Quotients of direct sums of modules

[gauss mouse]

Hi, I keep seeing indirect uses of a result which I think would be stated as follows:

If a module M over the unital associative algebra A is written
M\cong S_1\oplus\cdots\oplus S_r (where the S_i are simple modules), then in any comosition series of M, the composition factors are, up to order and isomorphism, S_1,\ldots,S_r. Perhaps this statement is not correct, but it's the best I can do when I can't find an explicit statement anywhere.

I think I would use the Jordan Holder theorem to prove this. I would argue as follows: a composition series for S_1\oplus\cdots\oplus S_r is given by
S_1\oplus\cdots\oplus S_r>S_1\oplus\cdots\oplus S_{r-1}>S_1\oplus\cdots\oplus S_{r-2}>\cdots>S_1>\{0\}.
Now, (S_1/\{0\})\cong S_1,\ (S_1\oplus S_2)/S_1\cong S_2,\ (S_1\oplus S_2\oplus S_3)/(S_1\oplus S_2)\cong S_3,\ldots, (S_1\oplus\cdots\oplus S_r)/(S_1\oplus\cdots\oplus S_{r-1})\cong S_r and so by the Jordan Holder theorem, in any comosition series of M, the composition factors are, up to order and isomorphism, S_1,\ldots,S_r.

I have a feeling that I am going wrong somewhere, perhaps in my cancelling when I do things like (S_1\oplus S_2)/S_1\cong S_2. The terminology of "direct sum" would suggest that this is not allowed.

 

[morphism]

Assuming the S_i's are simple modules, what you've written is correct.
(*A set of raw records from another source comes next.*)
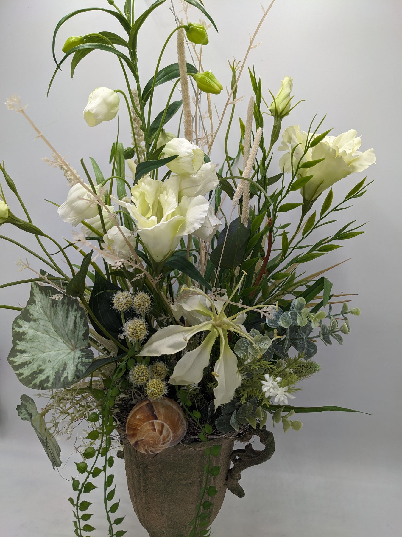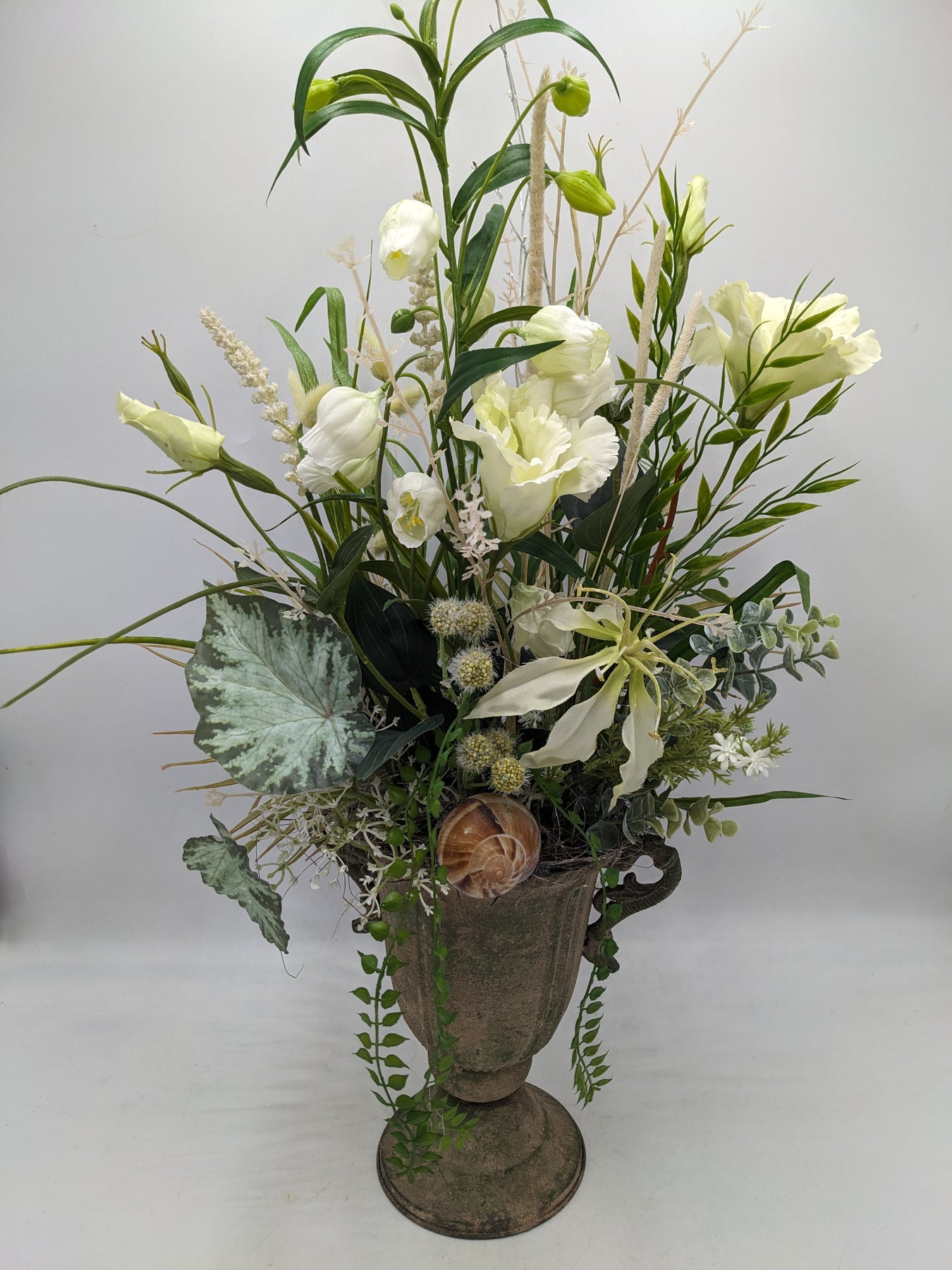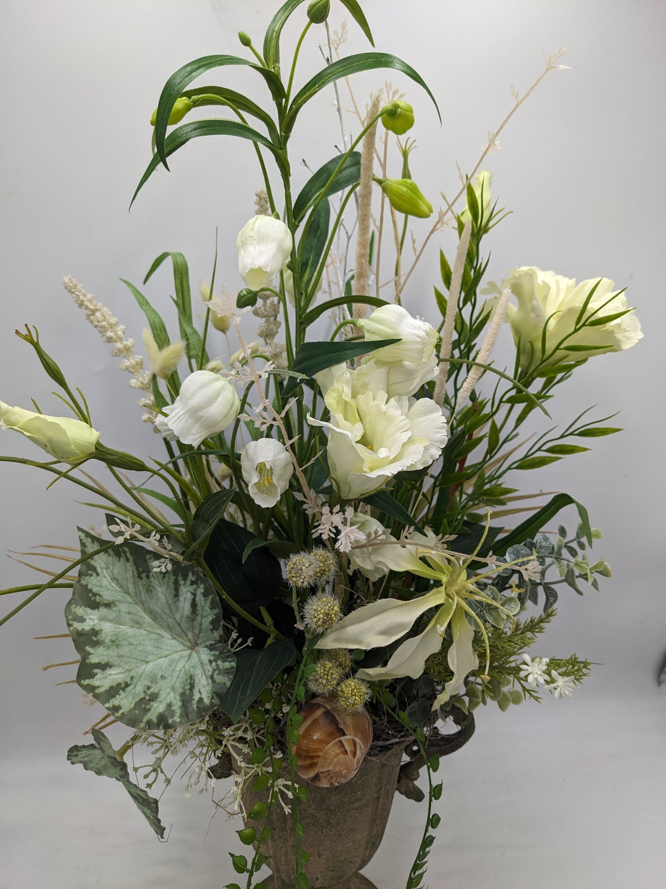 Tischgesteck im Pokal, Schnecke, Blüten, Blätter und Gräser, Farbe: weiß, grün, Höhe: ca. 62 cm, Breite: ca. 21 cm, 3966-2025
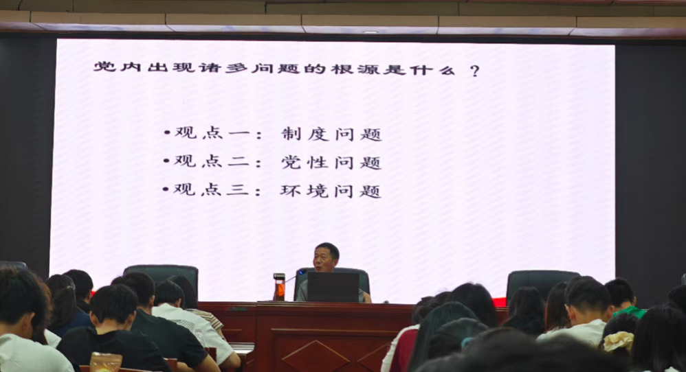 图1 龙玉林从三个方面向同学们讲解党内问题的根源
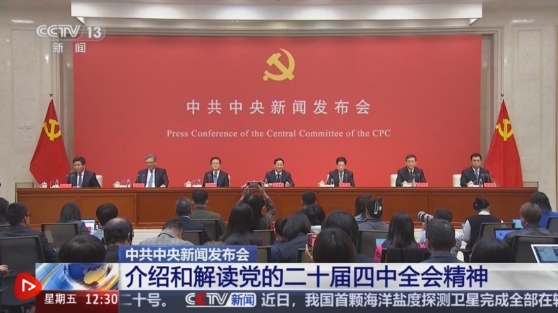 央视网消息:10月24日上午,中共中央举行新闻发布会,介绍和解读党的二十届四中全会精神。
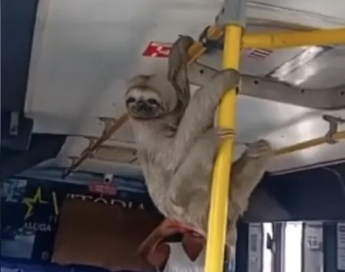 Dentro do veículo, o bicho-preguiça se movimentou lentamente e chegou a se pendurar na barra superior, cenas que divertiram alguns ocupantes — enquanto outros mantiveram distância. As imagens gravadas pelos passageiros se espalharam rapidamente na internet.
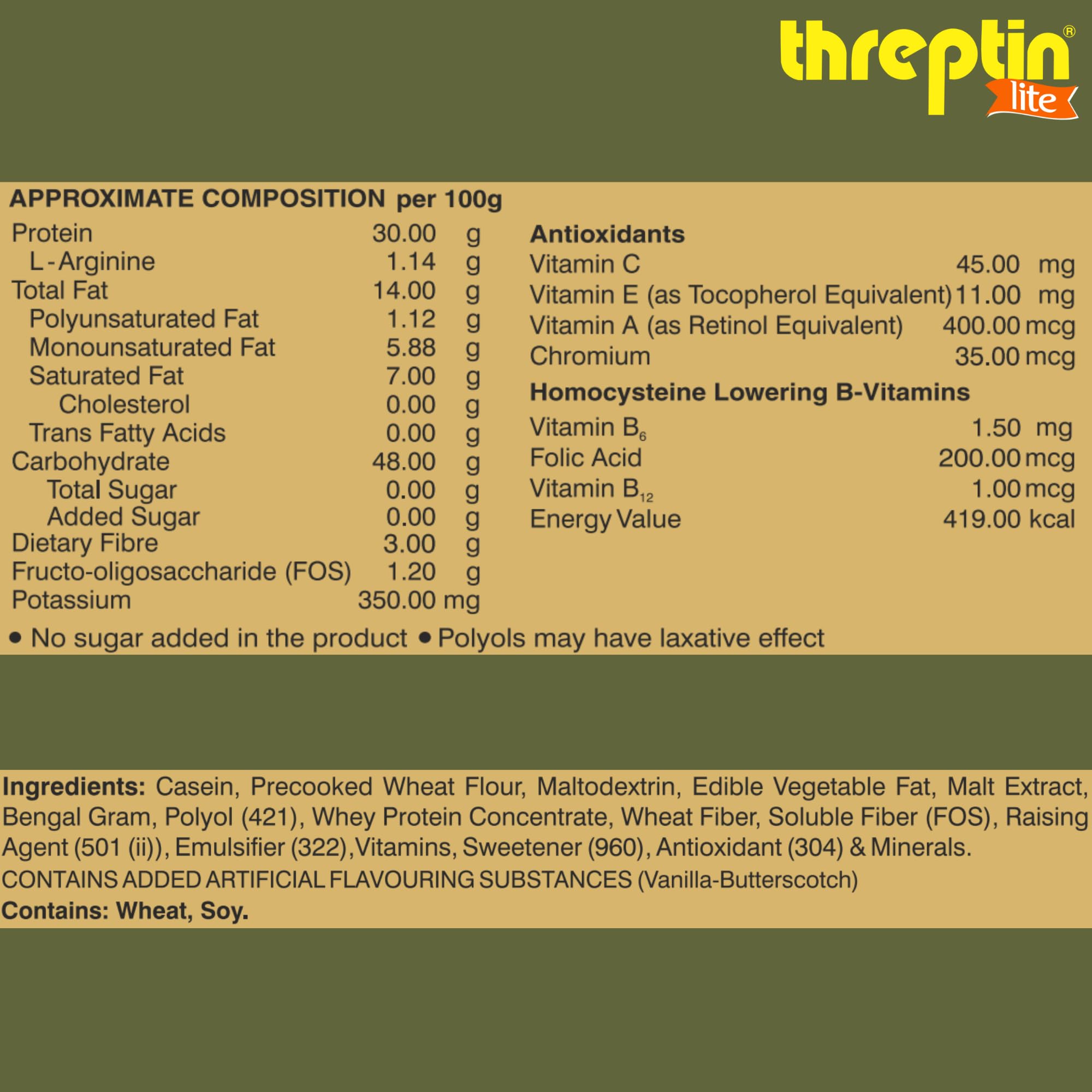 Fulfill your protein needs, enjoy effortless nutrition. Threptin tastes great anytime as a meal between meals. One of the most sought after protein diskettes in the market because the product is free of sugar and is best suited for people of different age groups.
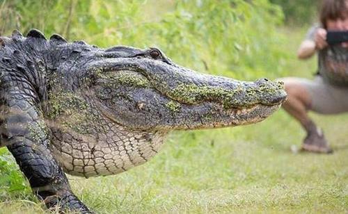 [分享]美国史前巨鳄突现野外草丛,游客见到却淡定拿手机拍照
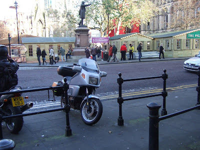 A pristine R100GS on display but not for sale at my local BMW Motorrad dealer photographed moments after I had spent £140 on 20 rubber O rings to overhaul my GS brake calipers - hence the slight camera shake. |
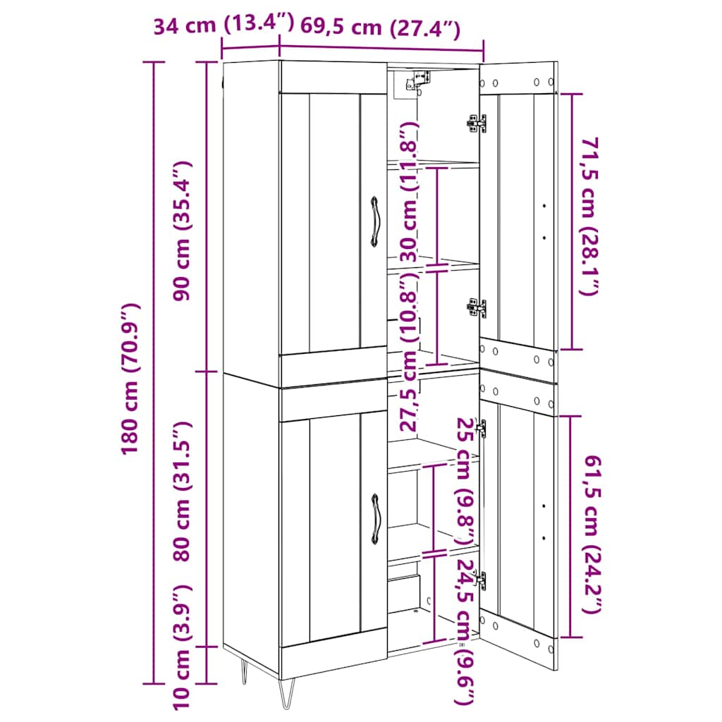 Bufet Lemn Vechi 69,5 x 34 x 180 cm Lemn compozit
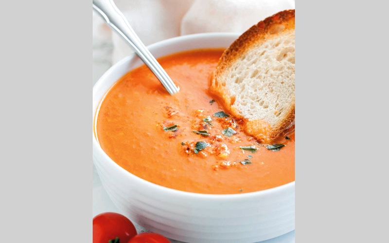 يسخّن زيت الزيتون على نار متوسطة، ثم يضاف إليه البصل ويقلب لثلاث دقائق، ويضاف الثوم ويقلب لدقيقة واحدة، ويضاف بعدها الريحان والطماطم. يوضع الخليط في الخلاط الكهربائي، ويضرب المزيج للحصول على قوام أملس. يوضع الحليب على النار ويقلّب مع الملح والفلفل، ويترك على النار ساخناً لمدة دقيقتين، ويضاف إليه المزيج. يوضع رذاذ الزيت في صينية ويقلب الخبز ويحمّص، وبعد ذلك يفرك الخبز بالثوم، ويستخدم مع الشوربة.
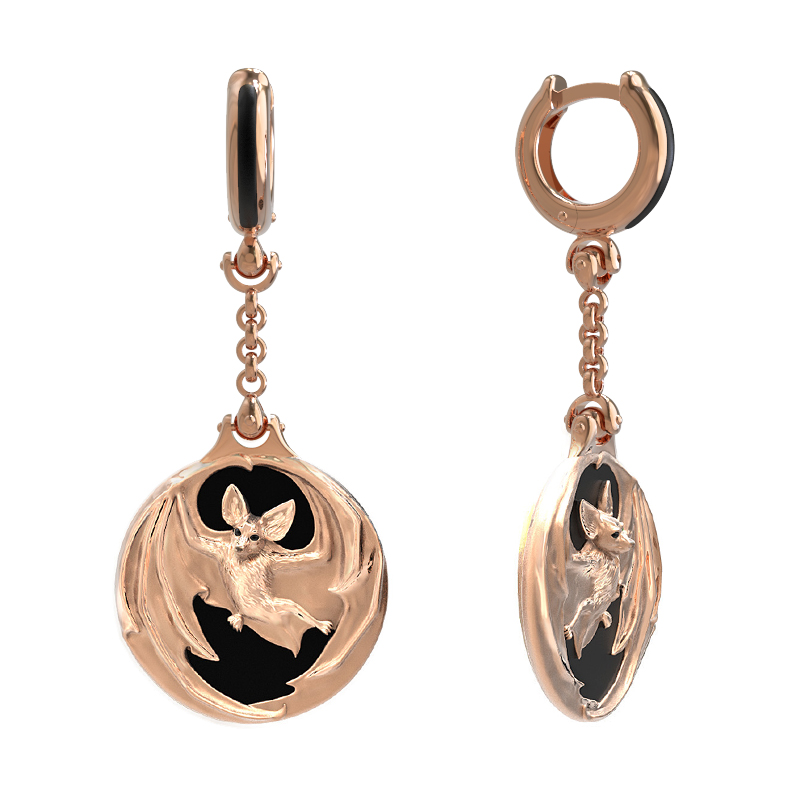 Серьги из золота c эмалью и ониксом
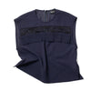 The Fuery Top is a sleeveless blouse with a clean, boxy silhouette and softly structured shoulders. Designed with a sheer lace inset across the chest, finished with a fine pleated trim for subtle dimension, and a concealed back zipper for a smooth finish. Cut from lightweight gossamer with a fluid drape.
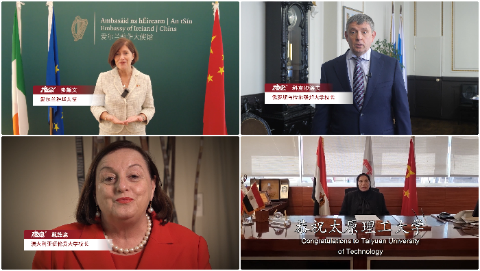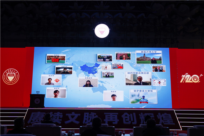 山水相连,天涯比邻。爱尔兰驻华大使安黛文,俄罗斯乌拉尔联邦大学校长科克沙洛夫,澳大利亚伍伦贡大学校长戴维森,埃及中国大学董事长卡里姆,中国科学院院士、中国科学技术大学校长包信和,西安交通大学校长王树国,中国工程院院士、华中科技大学党委书记李元元,中国工程院院士、四川大学校长李言荣,中国科学院院士、兰州大学校长严纯华,中国工程院院士、北京理工大学党委书记张军,中国工程院院士、大连理工大学校长郭东明,中国工程院院士、华南理工大学校长张立群,中国工程院院士、中国高等教育学会副会长、河南省政协副主席、郑州大学党委书记刘炯天发来视频致辞,对学校120周年校庆表示祝贺。

To justify canceling off a factor in the direct sums, just use the first isomorphism theorem: e.g., the map S_1 \oplus S_2 \to S_2 defined by (s_1,s_2) \mapsto s_2 is surjective and has kernel equal to S_1\oplus 0.

 

[gauss mouse]

Yes, they are simple, I've edited that in. Thanks a million for your help.

 

[mathwonk]

this looks fishy.

 

[morphism]

this looks fishy.

Is there anything specific that's making you skeptical?